How crowd-knowledge dwarfs the obsolete institution of encyclopedia
This is the end of another institution that started with the Industrial Age: news spread a few days ago that the Encyclopedia Britannica stopped its printed edition, having sold only a few thousand copies per year in the last years. It will continue to make its database available online.
encyclopedia britannica 1st edition - 1768
Let's do some fun maths. In 244 years of existence, around 7 million copies of the precious encyclopedia were sold (or, on average 30,000 per year). During that time approximately 17 billion people have been born and became adults (see for example this article of Carl Haub, the specialist in historical demography). Thus on average, there was one copy of the encyclopedia available for 2,500 people.

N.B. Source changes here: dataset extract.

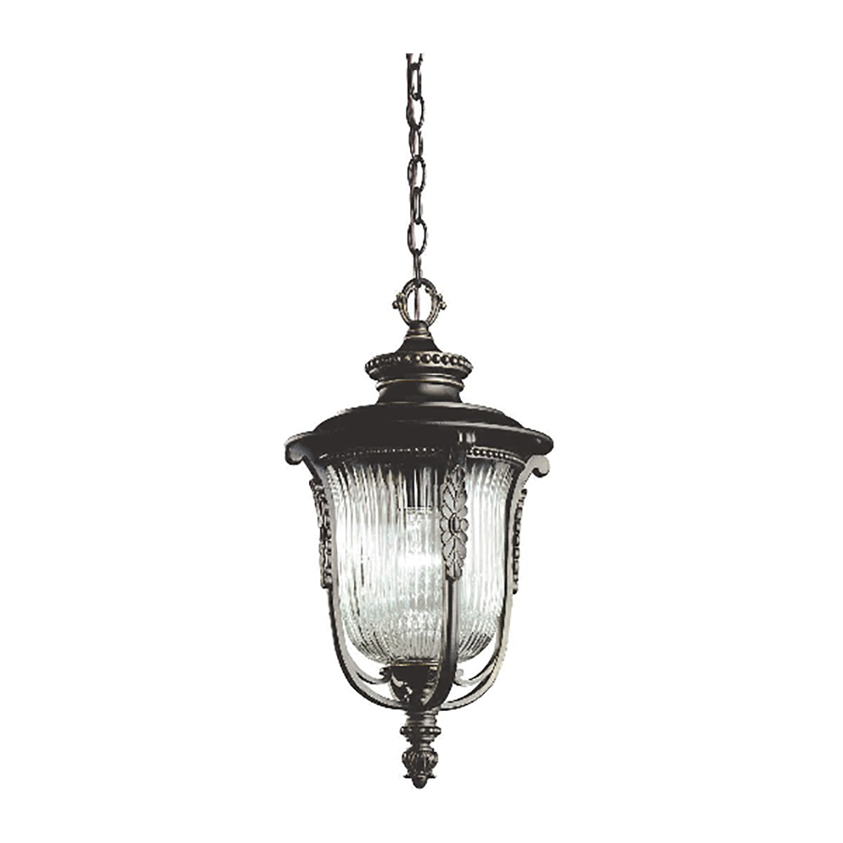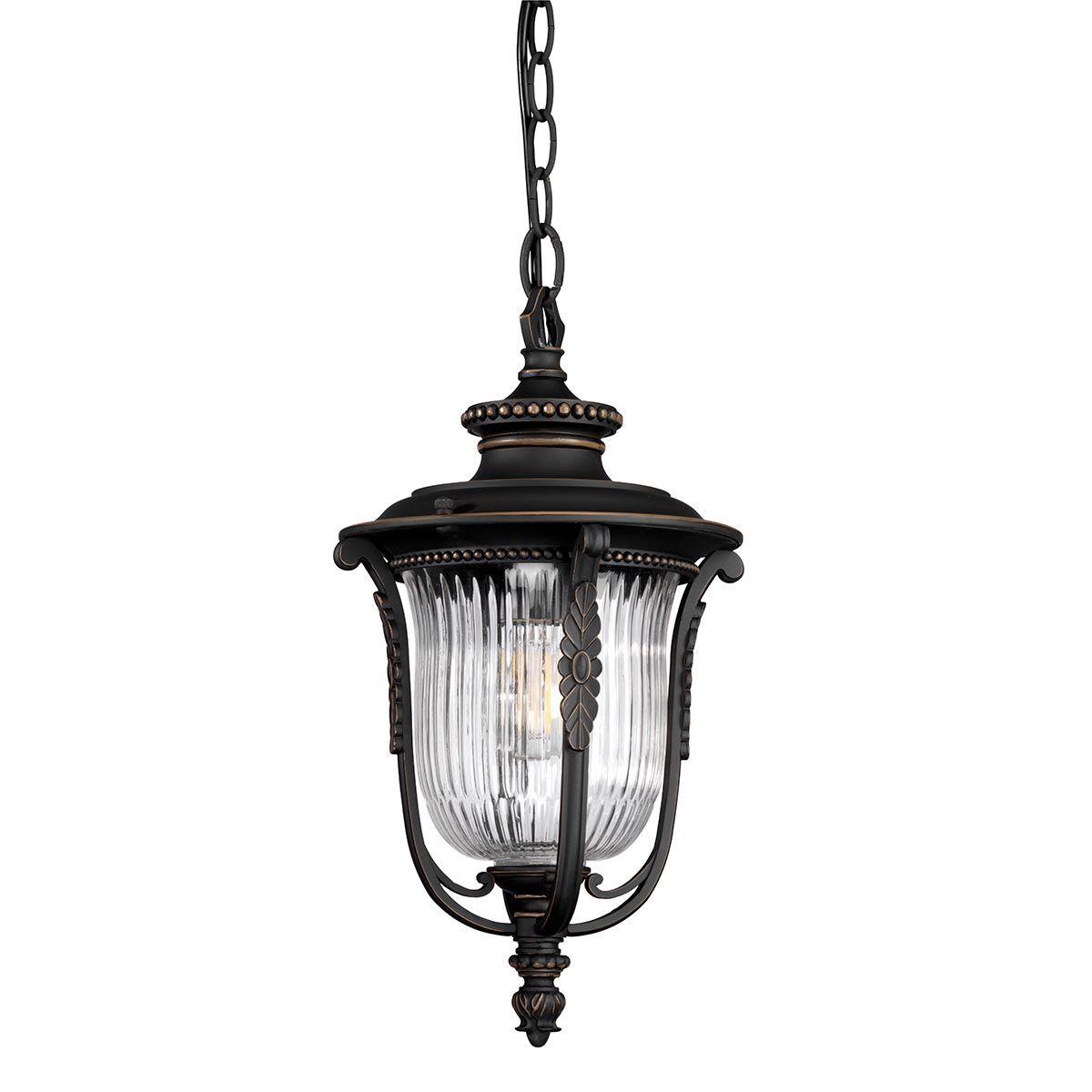 Подвесной фонарь Elstead Lighting KL-LUVERNE8-M. Сочетание черной бронзы и рисунка в виде капелек, медальоны и завитки всё это делает светильник таким привлекательным. Компактно расположенные ребра на стекле создают очень комфортное для глаз освещение. Идеально подойдет для уличного освещения, степень защиты IP23. Поставляется с цепью длиной 1200 мм

In 2008 Wikipedia saw 680 million visitors in the year and aims at reaching this level every month by 2015. 14% of internet users (14% of 2 billion = 280 million users) go on the Wikipedia site according to Alexa.com. That's one person for 22 living people, or probably approximately one person for 15 adults.
The English version of Wikipedia ONLY contains 50 times more words than the latest Encyclopedia Britannica, or 2 billion words, in roughly 4 million articles (the Encyclopedia Britannica boasts 65,000 articles).
The Encyclopedia Britannica counts less than 5,000 contributors; whereas more than 300,000 editors edit some part of Wikipedia every month.
Crowd-knowledge is here, orders of magnitude more powerful than centralized edition of a paper encyclopedia. In less than a decade, the institution of the encyclopedia has been toppled and made obsolete.
Who said the Fourth Revolution wasn't here?